In Harris v. Standard Accident and Ins. Co. (2d Cir. 1961), 297 Fed. 2d 627, certiorari denied, 369 U.S. 843, 82 Sup. Ct. 875, 7 L. Ed. 2d 847, the court held that the cause of action did not vest, because the insured was insolvent before rendition of the excess judgment, had paid no part of such judgment, and was discharged in bankruptcy from any future legal obligation to pay. The case has been strongly criticized in Note, 60 Mich. L. Rev. (1962), 517; and Note, 41 Tex. L. Rev. (1963), 595.

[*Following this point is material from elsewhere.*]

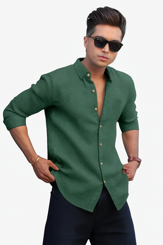 Men Casual Shirt With Full sleeve-Green (Size-L)

In Jones v. Hicks (1960), 358 Mich. 474, 493, 100 N.W.2d 243, and Schueler v. Phoenix Assurance Co. of New York (D. C. Mich. 1963), 223 Fed. Supp. 643, 645, the cause of action was held not to vest in the trustee on the basis of ". . . the long recognized rule in this State that an action for damages for fraud may not be prosecuted by an assignee thereof."